Friday, February 7, 2020

Things I legitimately don't like about AD&D

The number inflation

Armor Class in Basic and OD&D goes from 9 to 2, and fits in neatly with the math from a d20 roll. The only way to gain armor was to buy and equip your character from a small selection of armors and shields.  In AD&D, armor class goes from 10 to -10, and your character's dexterity bonus is added to your it, and certain classes like the Paladin get special boosts to armor class. The THAC0 of monsters and PCs rises quickly as well, while AC itself doesn't change from its initial value. This means that, to keep up the player's protection from damage, by the high levels they need armors +3 and shields +2, and other such nonsense.

This sort of AC number inflation, and the irregular way in which it rises, eventually led to the 3e notion of constantly increasing stat bonuses and 4e's level scaled AC. In AD&D's AC system, I see the beginnings of the trend that eventually led D&D to the numbers game that it now is.

I understand that, at the time, AC and to-hit inflation seemed like a good idea, or maybe it was an unintended consequence of how early D&D was played, once the PCs started getting their hands on magic swords and armor. IMO, Chainmail had the best system for magic weapons - a magicked weapon granted at most a +1 bonus to a roll of 2d6. "Double magic" weapons and "Triple magic" were almost unheard of.

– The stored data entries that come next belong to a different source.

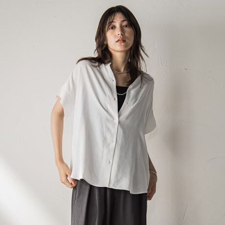 軽やかな素材が涼しげな、バンドカラーのハーフスリーブシャツ。
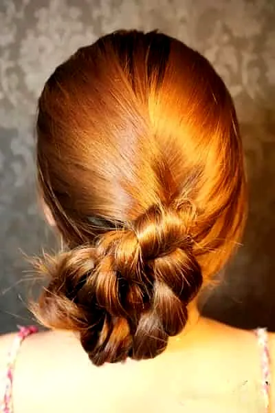 步骤8:在将拧好的头发,盘在后脑勺中间的位置。
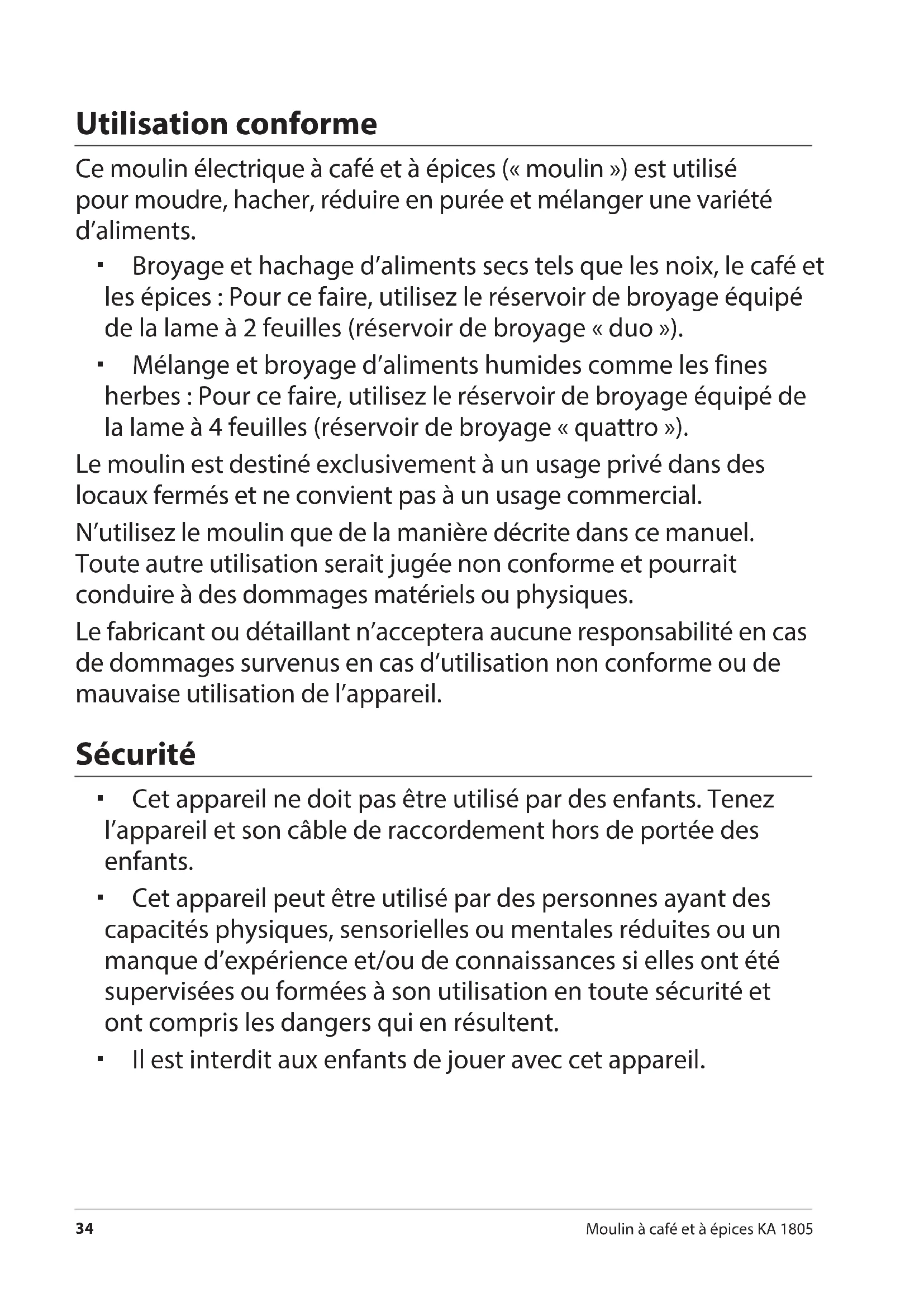 N'utilisez le moulin que de la manière décrite dans ce manuel. Toute autre utilisation serait jugée non conforme et pourrait conduire à des dommages matériels ou physiques.

In modern D&D, if players don't have +5 weapons by the time they're out of the early levels, they scream blood. To me, this cheapens the nature of magic weapons, and turns them into simple stat bonuses. Its the same silliness that video games have, when by the time your character hits lvl 100 he's carrying a rare legendary masterwork sword of vampiric fire +10.

No comments:

Post a Comment

 The original 1954 Godzilla is a very cerebral film about Japanese tradition, modern science, post-war politics, and human suffering. It was...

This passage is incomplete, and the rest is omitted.